From the line with "Organizaciones sociales apostadas" through the line with "2022新款40S纯棉水洗棉全棉荷叶边夹棉床盖三件套青草绿,青草绿", repeat the entries verbatim, both end lines included, and add nothing.

TASK MATERIAL:
_ _ _ _

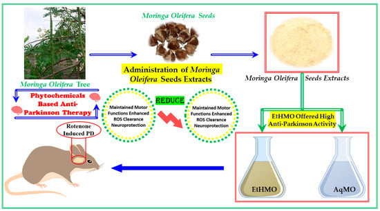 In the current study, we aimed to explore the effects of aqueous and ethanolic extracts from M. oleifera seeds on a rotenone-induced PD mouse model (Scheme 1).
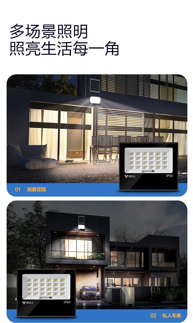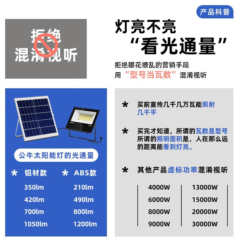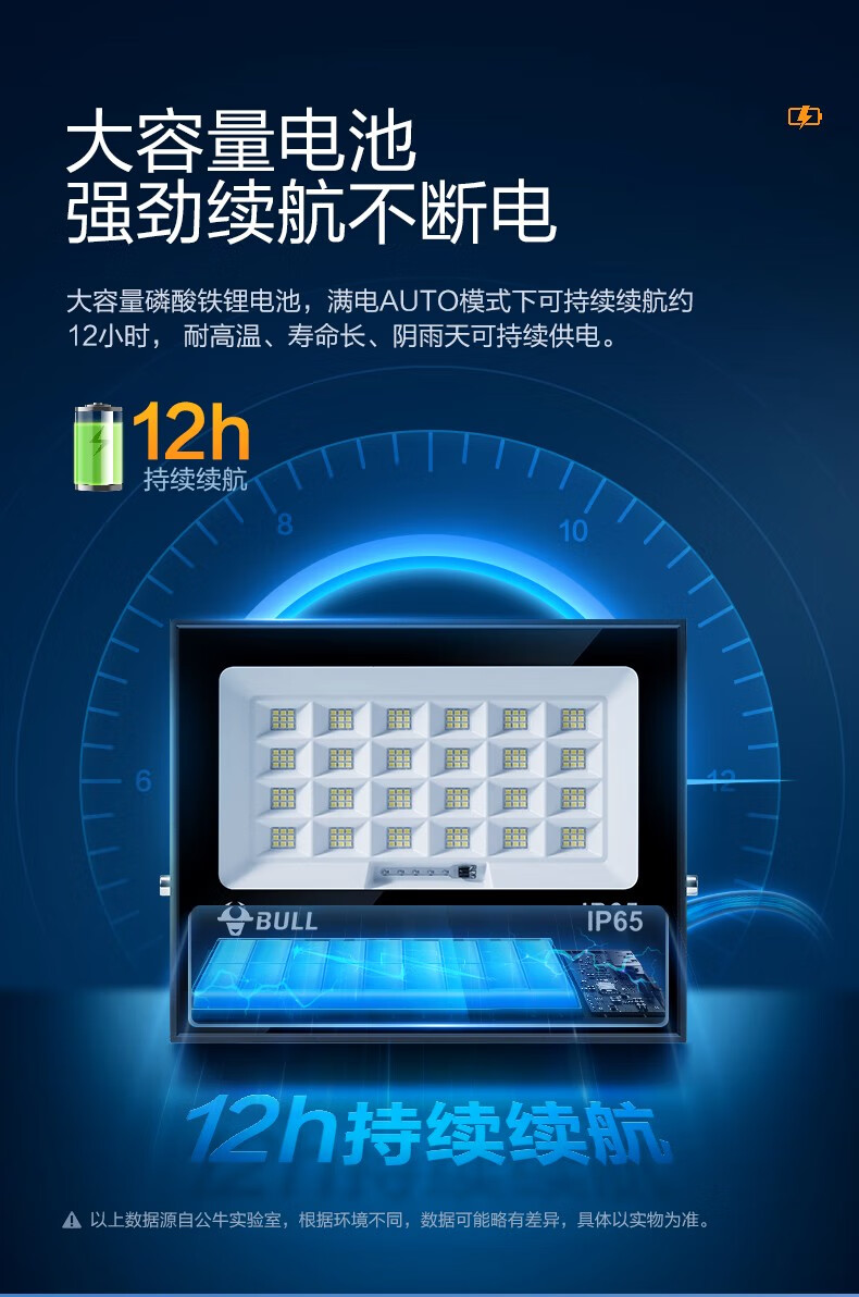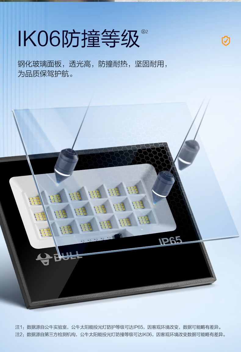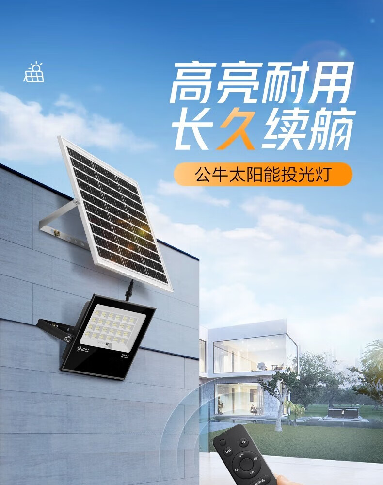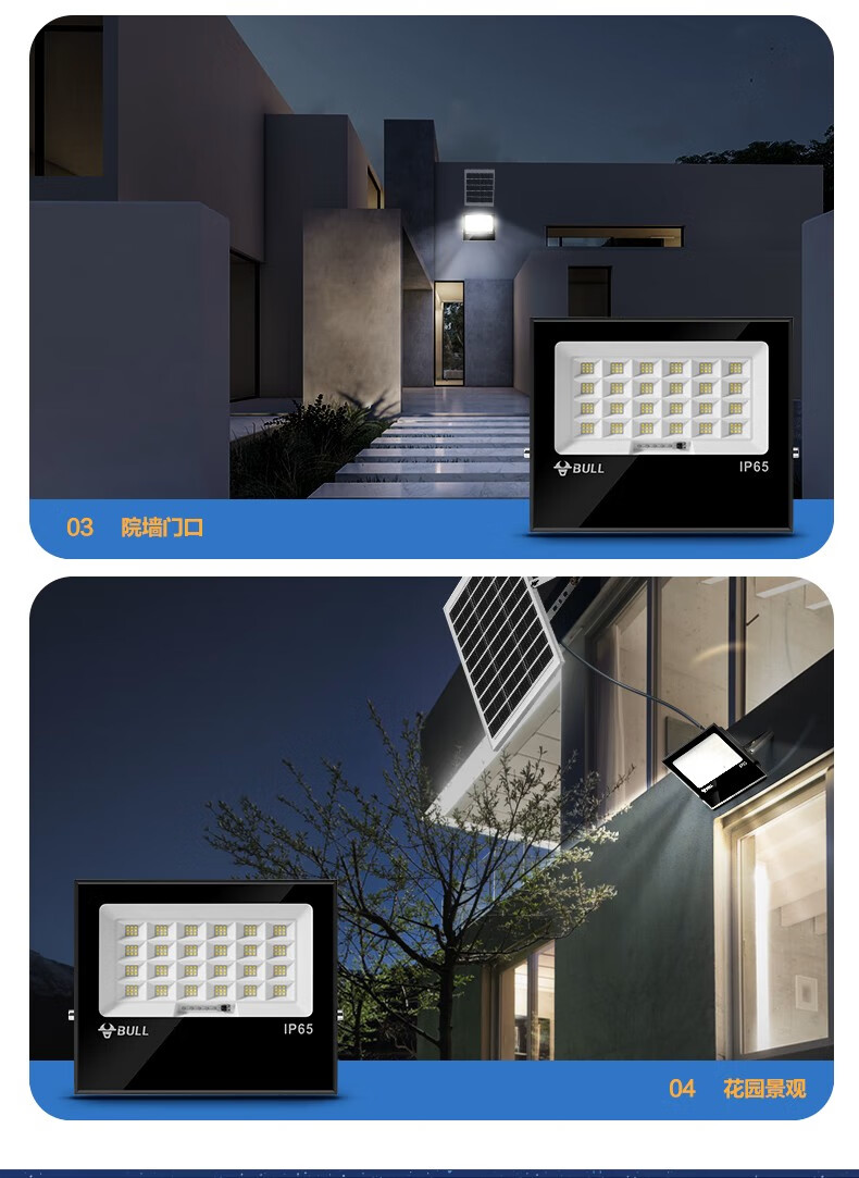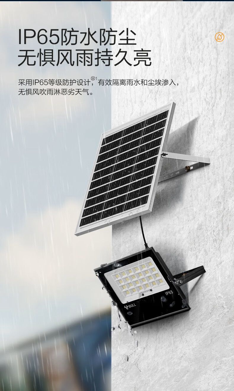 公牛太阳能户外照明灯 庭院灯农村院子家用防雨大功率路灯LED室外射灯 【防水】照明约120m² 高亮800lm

_ _ _ _

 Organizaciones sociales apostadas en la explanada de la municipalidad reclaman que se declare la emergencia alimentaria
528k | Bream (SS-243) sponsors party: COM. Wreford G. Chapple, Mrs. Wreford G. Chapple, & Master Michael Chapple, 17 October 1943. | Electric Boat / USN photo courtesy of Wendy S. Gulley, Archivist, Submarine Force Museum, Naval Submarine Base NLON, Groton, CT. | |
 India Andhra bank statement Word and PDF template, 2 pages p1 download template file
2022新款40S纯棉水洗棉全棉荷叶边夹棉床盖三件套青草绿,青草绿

_ _ _ _

ANSWER:
 Organizaciones sociales apostadas en la explanada de la municipalidad reclaman que se declare la emergencia alimentaria
528k | Bream (SS-243) sponsors party: COM. Wreford G. Chapple, Mrs. Wreford G. Chapple, & Master Michael Chapple, 17 October 1943. | Electric Boat / USN photo courtesy of Wendy S. Gulley, Archivist, Submarine Force Museum, Naval Submarine Base NLON, Groton, CT. | |
 India Andhra bank statement Word and PDF template, 2 pages p1 download template file
2022新款40S纯棉水洗棉全棉荷叶边夹棉床盖三件套青草绿,青草绿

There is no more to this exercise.